For a variety of reasons, most solid tumors metastasize to the liver, and patients with liver metastases invariably have shorter life expectancy than patients without liver metastases. In addition to being remarkably well tolerated, in a retrospective analysis of the Phase 2 study, the subset of patients with metastatic ovarian cancer and liver metastases who received AT-101 plus paclitaxel (standard of care chemotherapy) vs paclitaxel alone, the AT-101 treated patients experienced a 61% increase in overall survival.
We want to confirm this observation prospectively in our next trial. Additionally, we plan to test AT-101 in hepatocellular (liver) cancer because the molecule achieves high and prolonged concentrations in the liver allowing for potentially high anticancer activity.
What have been the most significant milestones or achievements for A28 Therapeutics thus far in its mission to transform cancer care?
A28 Therapeutics was recognized as a 2023 Cool Company by Connect San Diego. This award is bestowed on companies considered to be the fastest and most exciting startups in Southern California.
What are the company’s top priorities for the next 12-18 months?
We are seeking to raise a $20M Series A round of financing to prospectively validate the retrospectively observed efficacy signal from the Phase 2 clinical trial. Our next trial is a 2-stage adaptive trial design. The first stage will confirm the efficacy signal, and the second stage will expand to a sufficient number of patients to support an application for accelerated approval.
What advice do you have for aspiring entrepreneurs and researchers looking to make a significant impact in the field of healthcare and biotechnology?

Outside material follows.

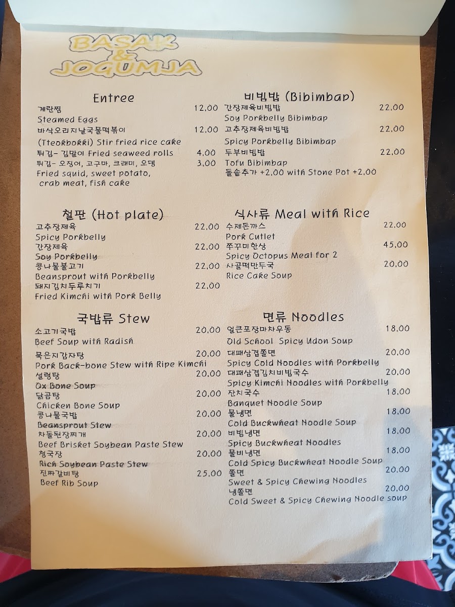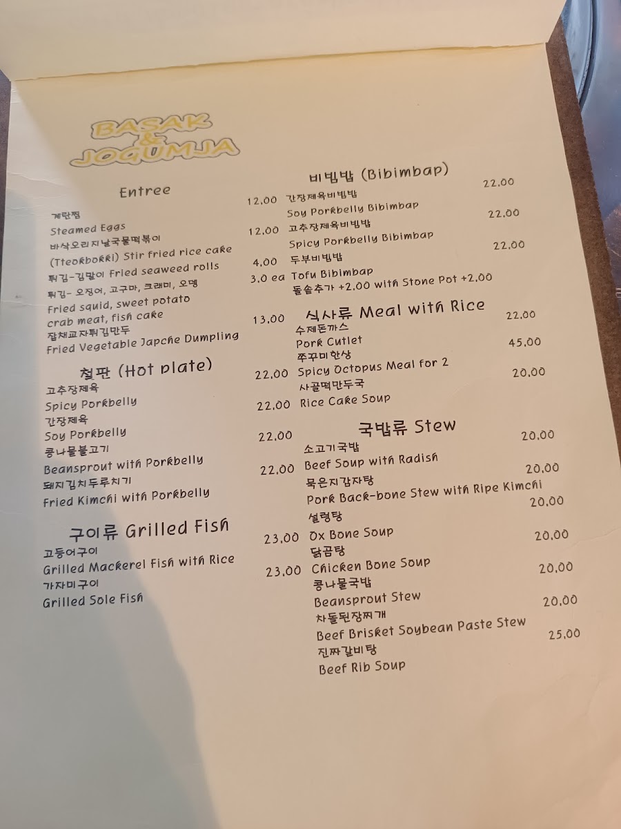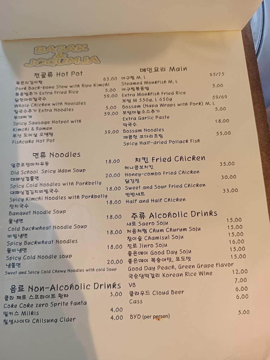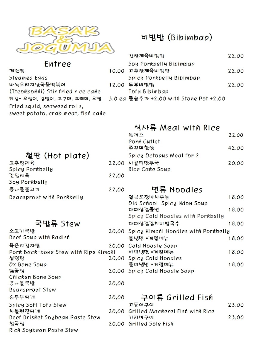 Overall, Basak & Jogumja offers a variety of dishes that cater to all tastes and preferences, from light entrees to hearty stews and satisfying mains, with a wonderful selection of drinks to complement the meal. Whether you're in the mood for something spicy, savory, or sweet, there's something on the menu to suit every craving.

The most important thing I’ve learned is that there is no blueprint for this stuff. You must have integrity because lives depend on your honest and thoughtful assessments of data.
You must be resilient because things will not always go as planned. You must be patient as it will always take longer and cost more than you expect. You should build a strong network because this is not something you can do alone.
And finally, it helps if you are passionate about your work. You will need this to drive and sustain you on this journey.